- Exercise instructions -
Below are entries with pictures among them; reproduce exactly, and only, the lines from the one containing "2025 New Chinese" down to the one containing "Pave Diamond Engagement", without the pictures.

(Data to use)

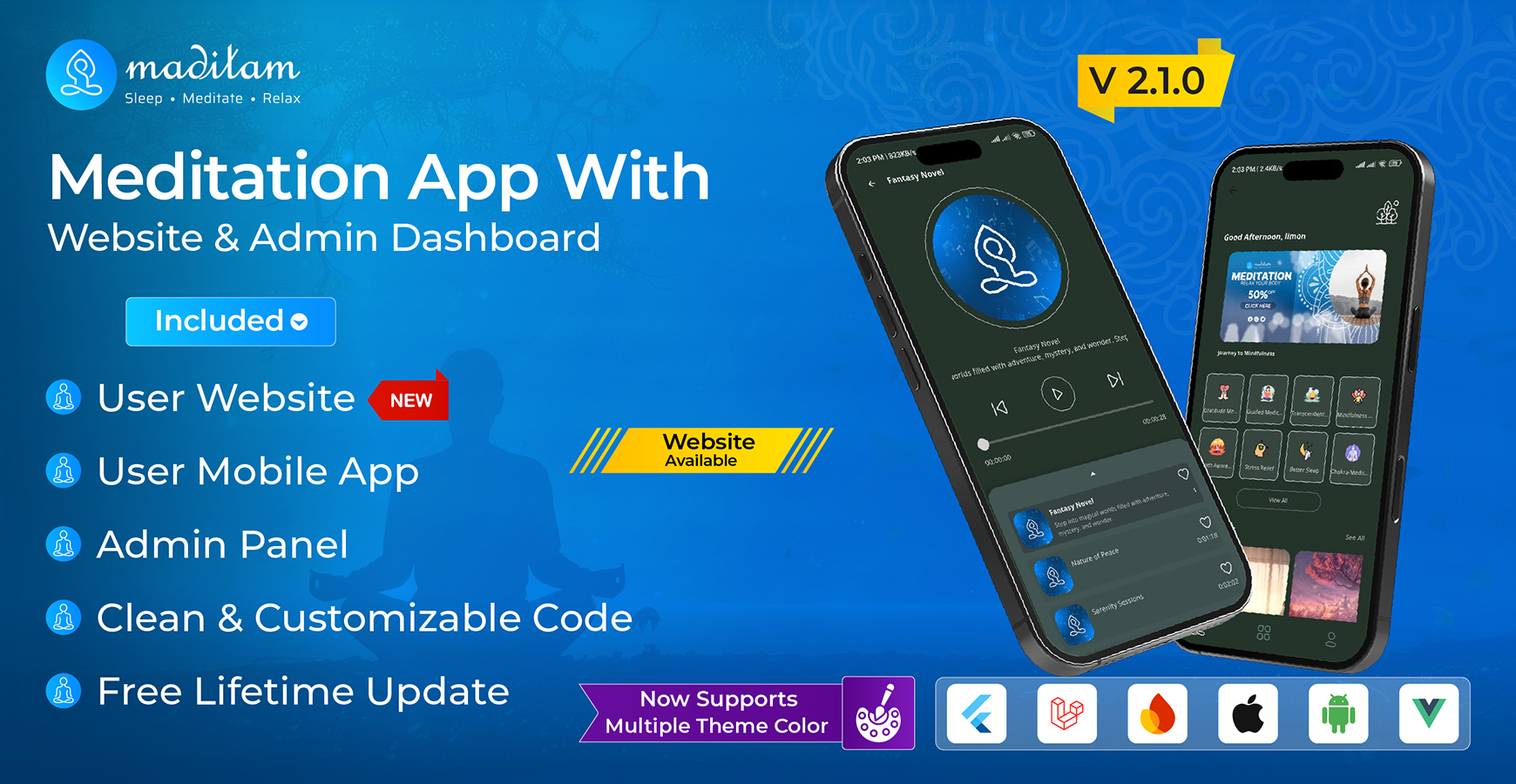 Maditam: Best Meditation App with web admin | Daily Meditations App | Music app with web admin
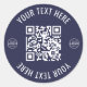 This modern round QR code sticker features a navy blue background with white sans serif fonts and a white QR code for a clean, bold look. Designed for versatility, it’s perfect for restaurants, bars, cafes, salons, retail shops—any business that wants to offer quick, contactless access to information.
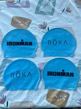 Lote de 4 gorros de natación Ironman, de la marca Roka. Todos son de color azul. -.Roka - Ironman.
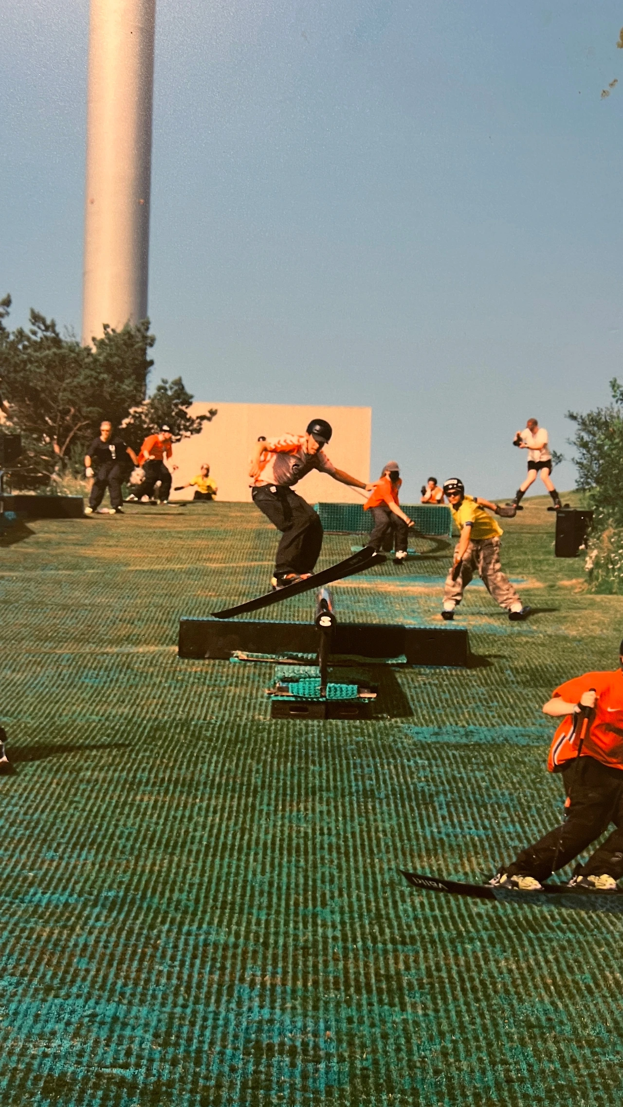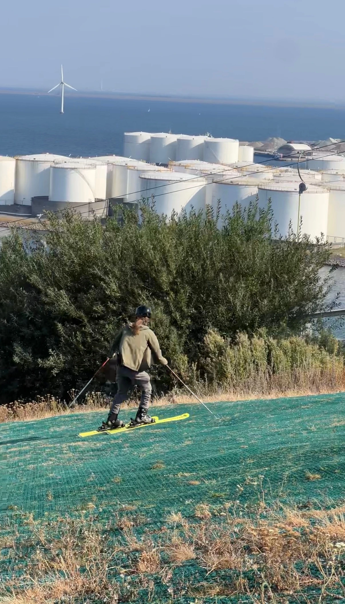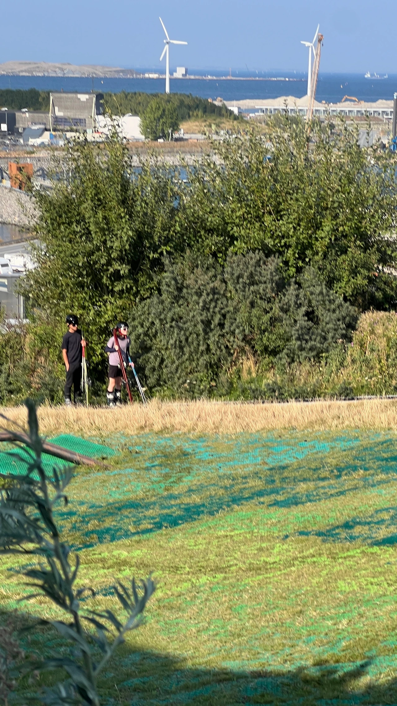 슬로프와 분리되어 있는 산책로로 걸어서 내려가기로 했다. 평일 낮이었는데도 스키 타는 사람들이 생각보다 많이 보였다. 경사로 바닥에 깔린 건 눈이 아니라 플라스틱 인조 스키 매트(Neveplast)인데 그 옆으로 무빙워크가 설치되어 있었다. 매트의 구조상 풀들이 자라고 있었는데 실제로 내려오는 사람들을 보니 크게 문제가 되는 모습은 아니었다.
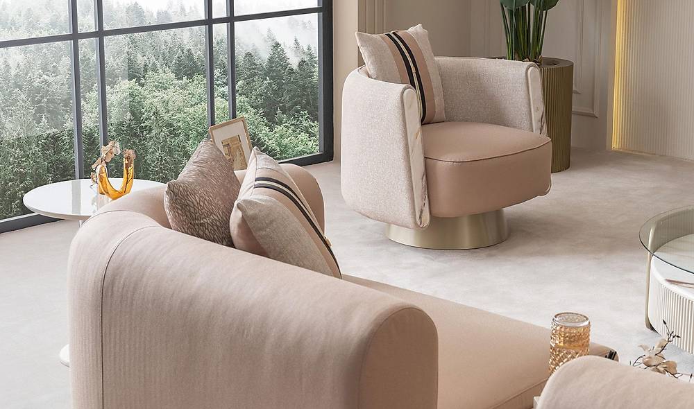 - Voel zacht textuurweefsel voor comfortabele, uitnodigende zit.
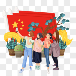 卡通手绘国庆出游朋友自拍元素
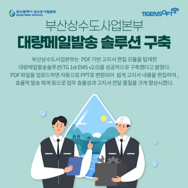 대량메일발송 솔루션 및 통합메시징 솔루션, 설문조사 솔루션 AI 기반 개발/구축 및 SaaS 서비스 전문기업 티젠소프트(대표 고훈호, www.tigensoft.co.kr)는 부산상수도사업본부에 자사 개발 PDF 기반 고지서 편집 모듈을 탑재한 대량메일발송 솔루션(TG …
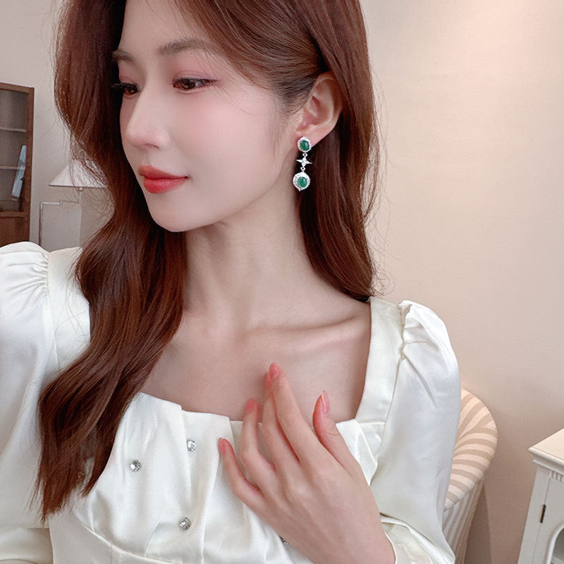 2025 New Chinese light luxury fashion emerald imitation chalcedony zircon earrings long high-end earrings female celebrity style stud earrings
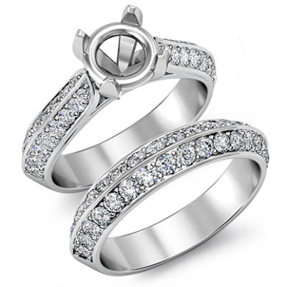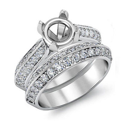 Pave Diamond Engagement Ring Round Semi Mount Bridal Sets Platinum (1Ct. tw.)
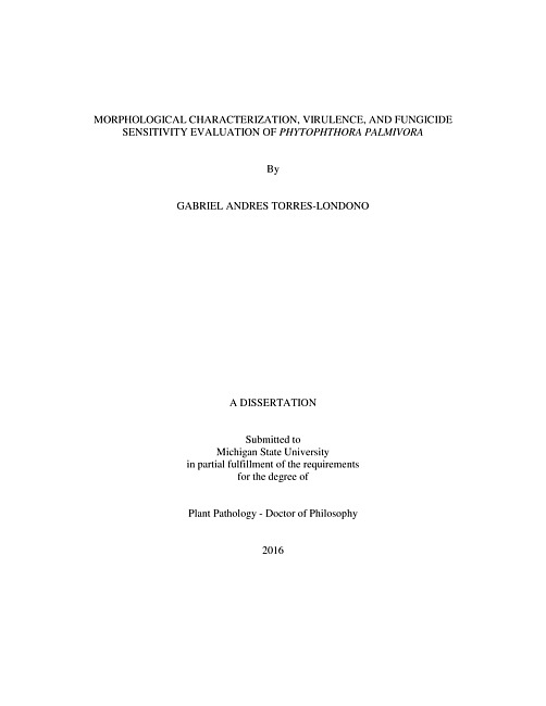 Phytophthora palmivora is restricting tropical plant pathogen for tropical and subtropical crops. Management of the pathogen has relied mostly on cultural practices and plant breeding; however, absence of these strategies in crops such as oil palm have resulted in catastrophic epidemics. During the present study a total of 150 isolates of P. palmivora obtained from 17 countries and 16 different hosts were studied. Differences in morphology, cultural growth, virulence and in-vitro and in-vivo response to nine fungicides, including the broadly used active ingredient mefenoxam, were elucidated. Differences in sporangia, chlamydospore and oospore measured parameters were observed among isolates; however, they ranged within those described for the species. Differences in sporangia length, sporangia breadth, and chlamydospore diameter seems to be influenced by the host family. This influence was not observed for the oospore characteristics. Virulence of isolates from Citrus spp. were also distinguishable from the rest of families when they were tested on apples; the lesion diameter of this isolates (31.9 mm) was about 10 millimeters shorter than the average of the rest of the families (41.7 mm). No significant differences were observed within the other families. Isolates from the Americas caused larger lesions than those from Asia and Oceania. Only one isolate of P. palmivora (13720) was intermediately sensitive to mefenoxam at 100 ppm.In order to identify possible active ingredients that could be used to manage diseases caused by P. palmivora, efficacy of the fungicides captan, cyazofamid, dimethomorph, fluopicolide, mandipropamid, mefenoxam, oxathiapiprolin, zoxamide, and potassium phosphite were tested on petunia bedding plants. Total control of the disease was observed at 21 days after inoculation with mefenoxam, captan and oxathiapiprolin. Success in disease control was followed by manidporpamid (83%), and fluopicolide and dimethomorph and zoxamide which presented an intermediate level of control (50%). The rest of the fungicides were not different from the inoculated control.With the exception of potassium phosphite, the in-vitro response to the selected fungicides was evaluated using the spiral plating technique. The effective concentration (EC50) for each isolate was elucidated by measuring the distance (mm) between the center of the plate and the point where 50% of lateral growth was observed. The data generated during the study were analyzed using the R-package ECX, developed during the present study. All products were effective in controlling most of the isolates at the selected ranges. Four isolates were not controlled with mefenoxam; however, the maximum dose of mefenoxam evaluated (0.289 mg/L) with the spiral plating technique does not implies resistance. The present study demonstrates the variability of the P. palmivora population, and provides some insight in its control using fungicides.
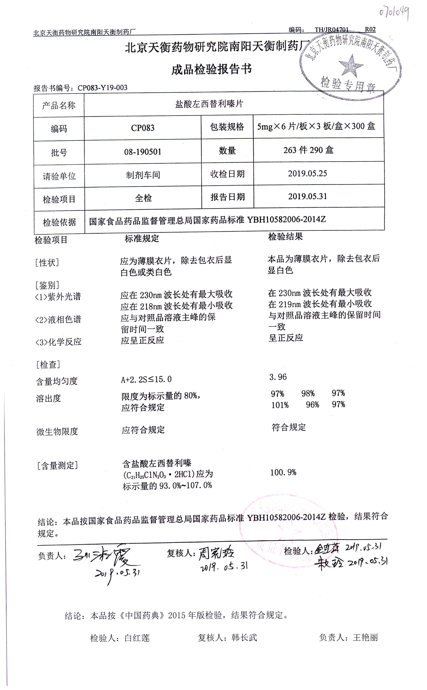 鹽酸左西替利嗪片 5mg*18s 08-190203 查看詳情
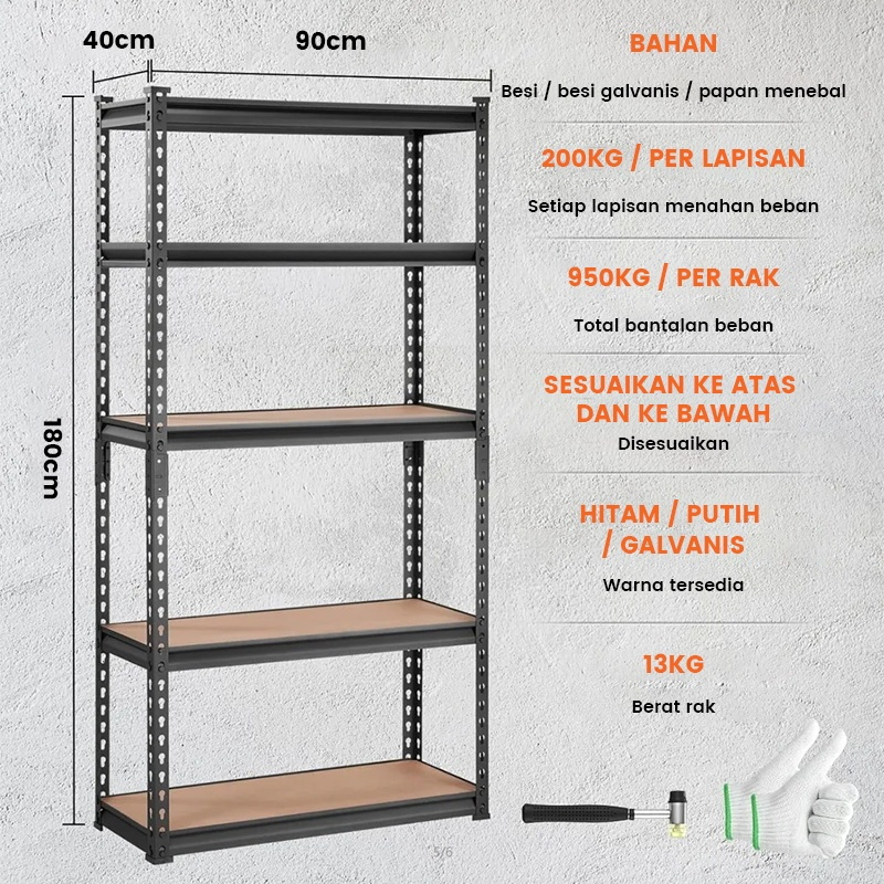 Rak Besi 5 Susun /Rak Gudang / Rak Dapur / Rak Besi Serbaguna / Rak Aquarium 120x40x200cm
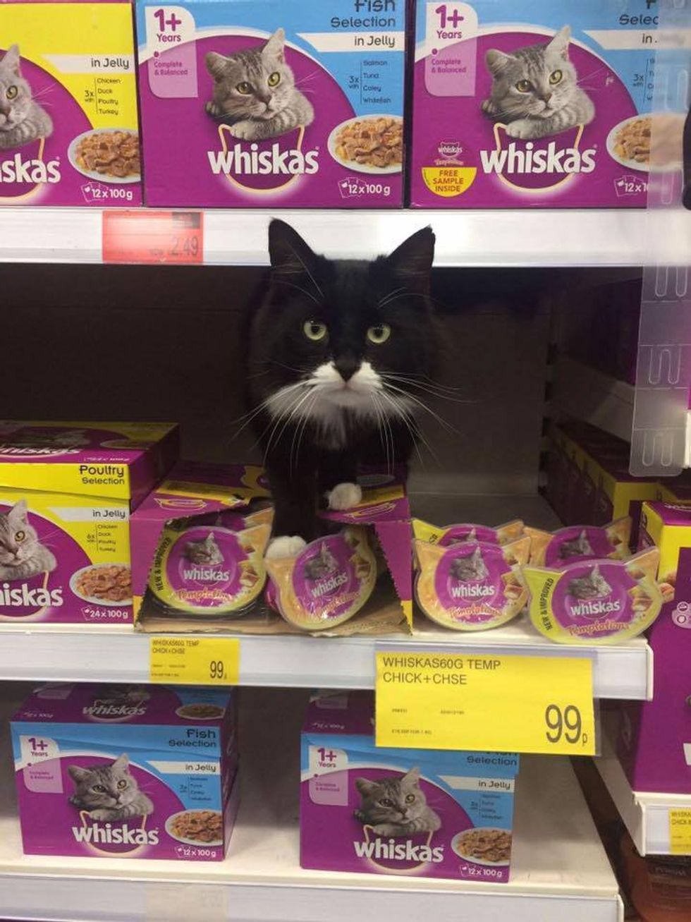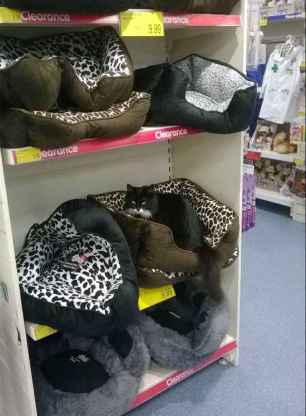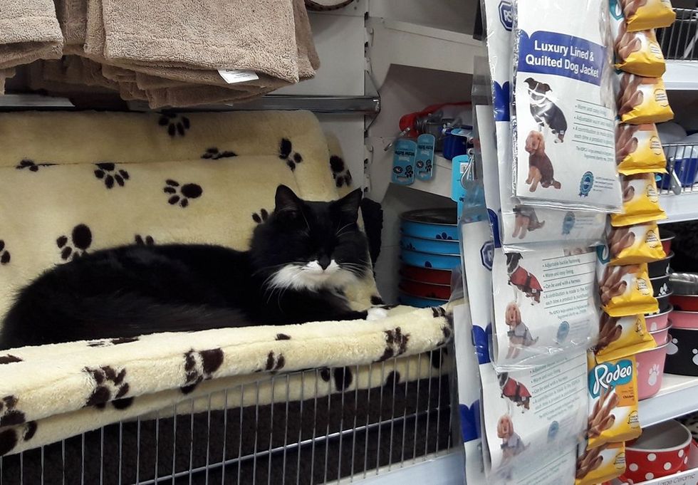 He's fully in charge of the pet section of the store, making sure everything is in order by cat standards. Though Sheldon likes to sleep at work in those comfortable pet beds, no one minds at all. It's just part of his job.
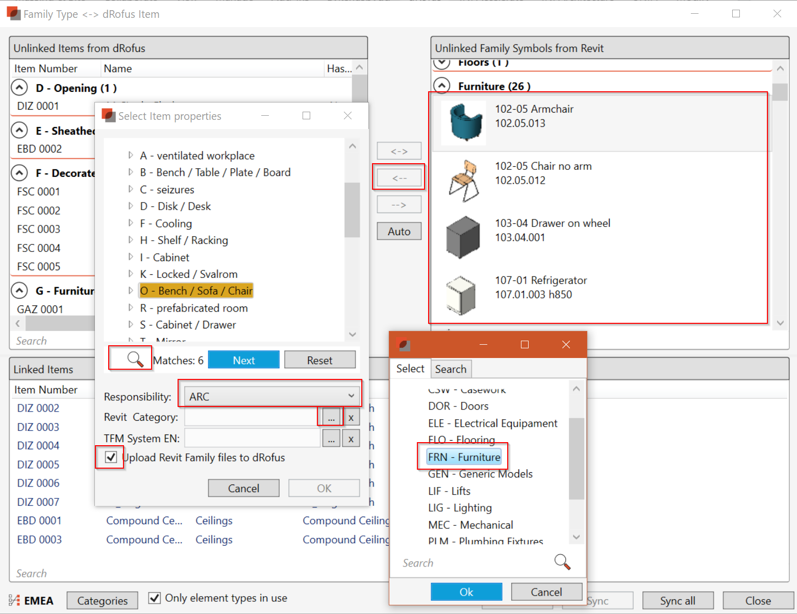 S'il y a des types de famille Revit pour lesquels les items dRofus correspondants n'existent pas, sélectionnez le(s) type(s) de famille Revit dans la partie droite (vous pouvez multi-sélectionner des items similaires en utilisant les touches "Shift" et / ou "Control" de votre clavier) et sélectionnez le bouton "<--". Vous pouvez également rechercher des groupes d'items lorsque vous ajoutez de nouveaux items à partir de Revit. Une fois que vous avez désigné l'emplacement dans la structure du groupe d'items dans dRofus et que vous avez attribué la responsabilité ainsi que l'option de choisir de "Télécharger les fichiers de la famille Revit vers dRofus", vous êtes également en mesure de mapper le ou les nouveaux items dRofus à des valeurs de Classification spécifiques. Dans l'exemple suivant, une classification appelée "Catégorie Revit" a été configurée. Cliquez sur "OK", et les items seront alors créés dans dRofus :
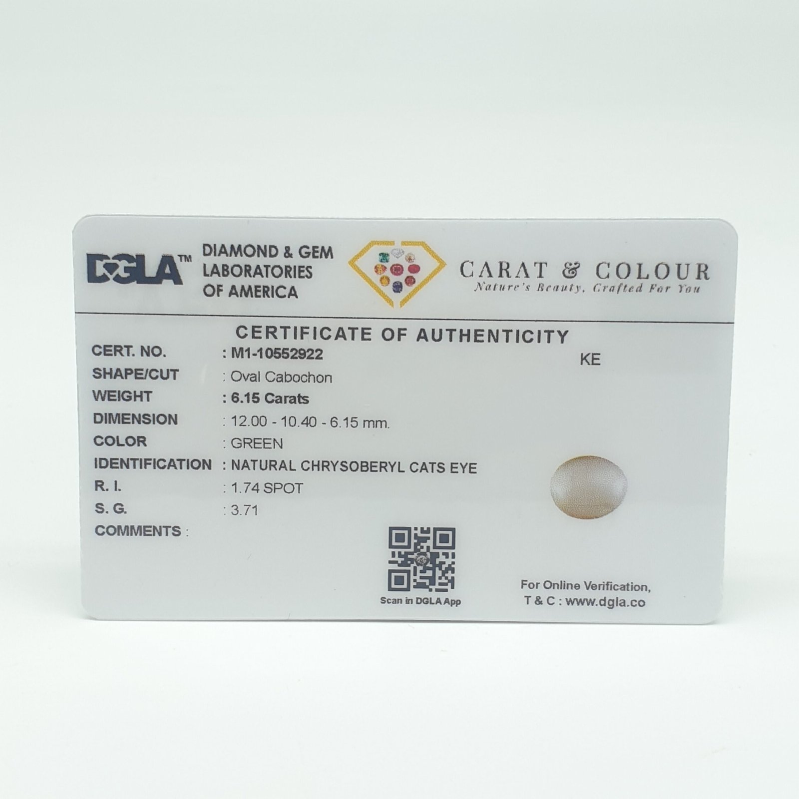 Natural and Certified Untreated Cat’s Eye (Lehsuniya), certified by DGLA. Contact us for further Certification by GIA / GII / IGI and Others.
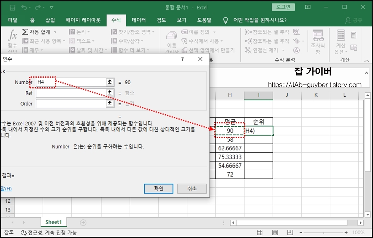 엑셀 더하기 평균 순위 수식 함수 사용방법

(End Data to use)

- Result of the task -
 2025 New Chinese light luxury fashion emerald imitation chalcedony zircon earrings long high-end earrings female celebrity style stud earrings
 Pave Diamond Engagement Ring Round Semi Mount Bridal Sets Platinum (1Ct. tw.)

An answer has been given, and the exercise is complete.